PROBLEM TO WORK ON = The listing is to be printed word for word, pictures omitted.

GIVEN INFORMATION =
'''

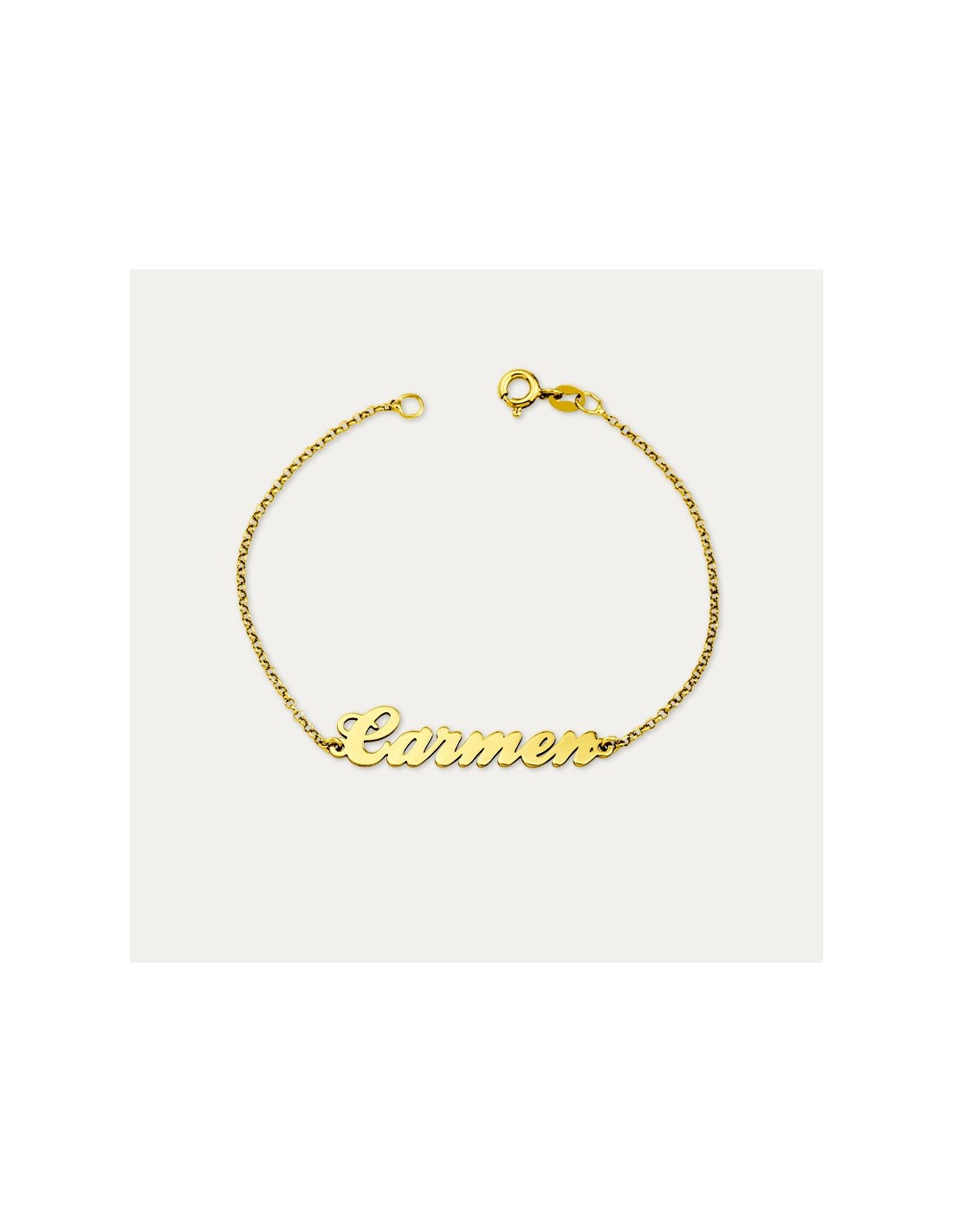 Pulsera personalizada con nombre en Plata dorada Primera Ley con cadena tipo rolo.
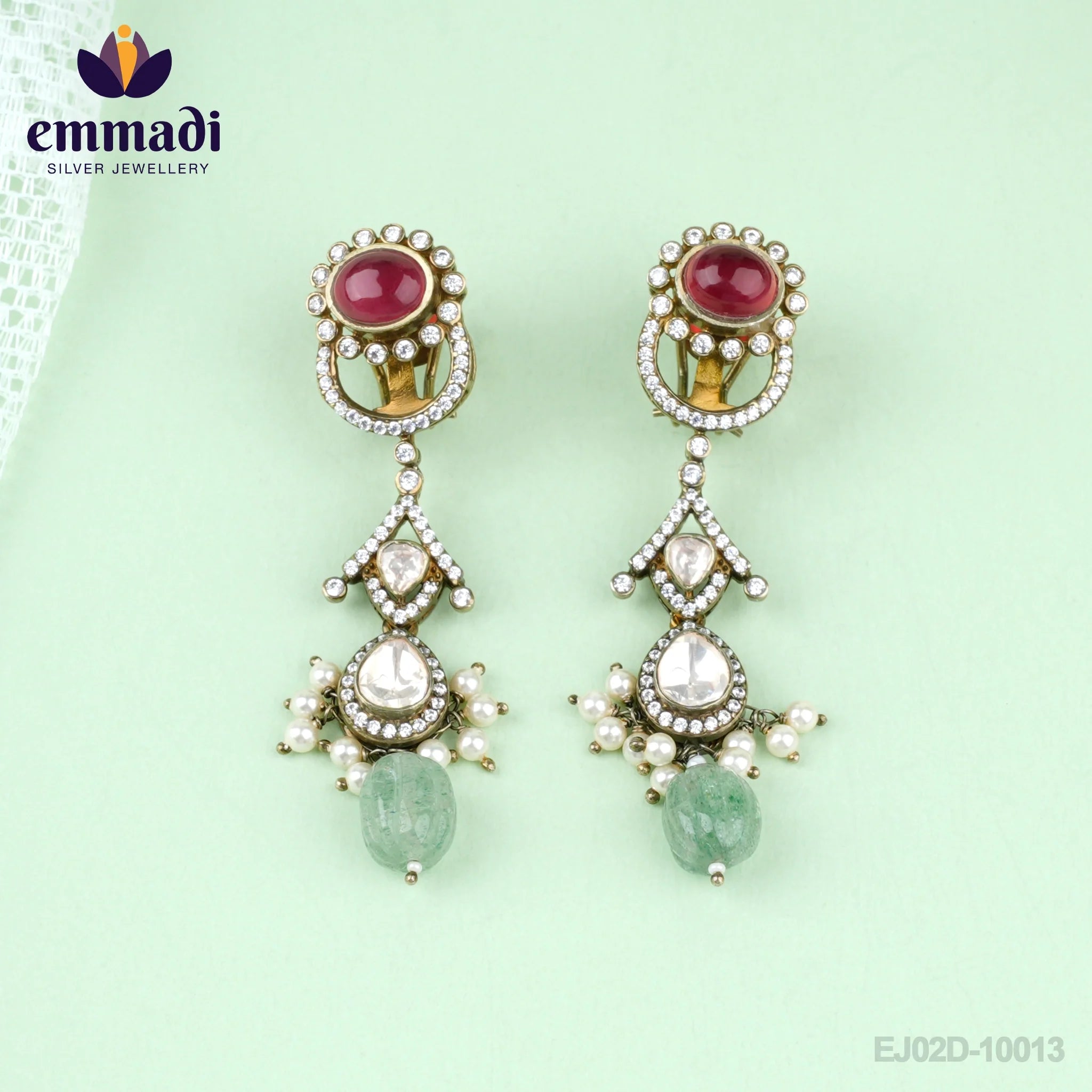 Emmadi Jewellers presents their exquisite line of handcrafted earrings, the Hangings Victorian Red collection. These stunning earrings are made with 92.5 silver and feature pure gold plating, adding a touch of opulence to any outfit.
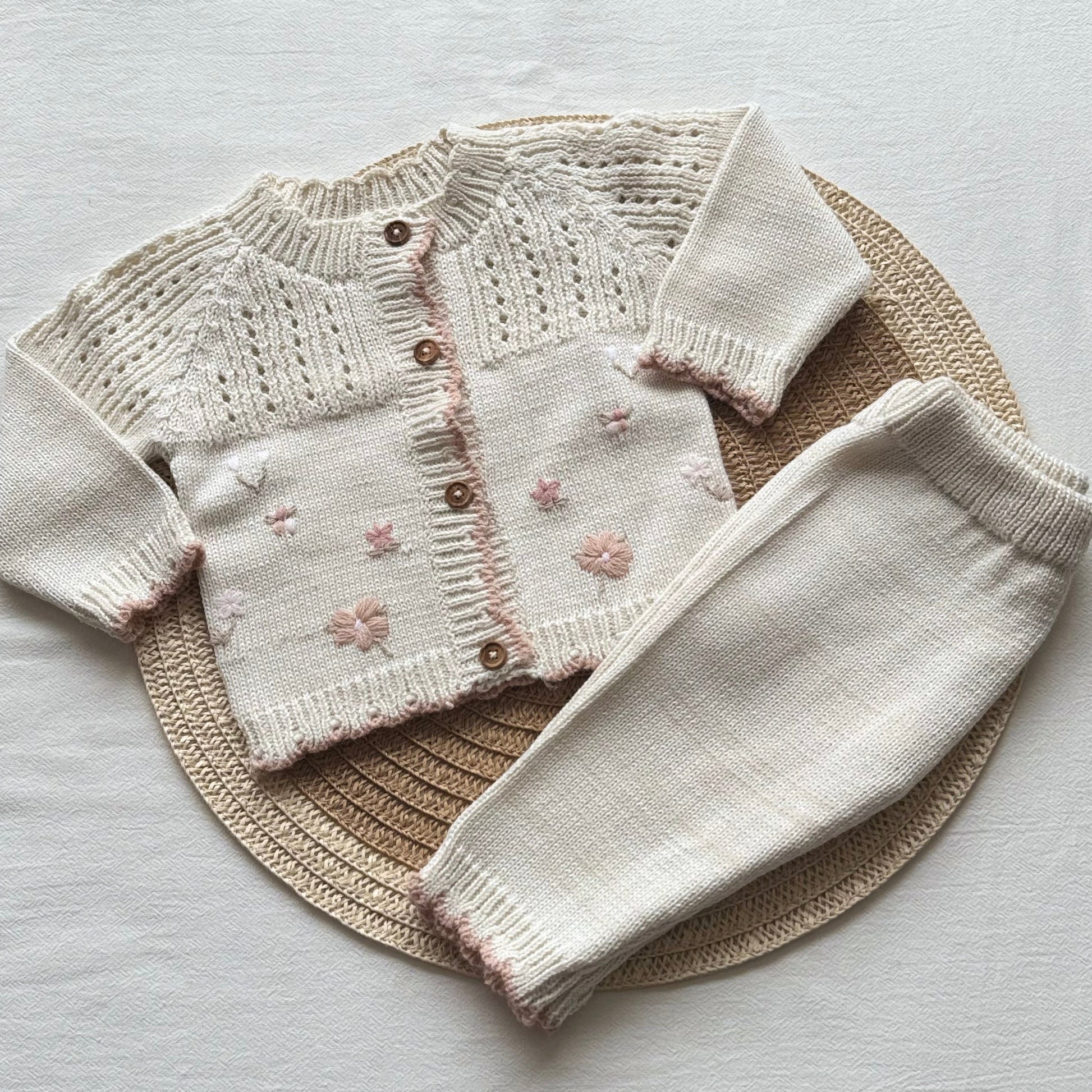 Conjunto de saco y pantalón tejidos en hilo de algodón
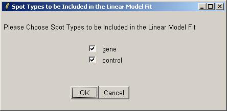Now you will be asked which spots to include in the linear model fit (for this parameterization). Often we would exclude the controls (e.g. Scorecard Controls) from the linear model fit, but here we have biological controls, so we will include them.

'''

TASK OUTPUT =
 Pulsera personalizada con nombre en Plata dorada Primera Ley con cadena tipo rolo.
 Emmadi Jewellers presents their exquisite line of handcrafted earrings, the Hangings Victorian Red collection. These stunning earrings are made with 92.5 silver and feature pure gold plating, adding a touch of opulence to any outfit.
 Conjunto de saco y pantalón tejidos en hilo de algodón
Now you will be asked which spots to include in the linear model fit (for this parameterization). Often we would exclude the controls (e.g. Scorecard Controls) from the linear model fit, but here we have biological controls, so we will include them.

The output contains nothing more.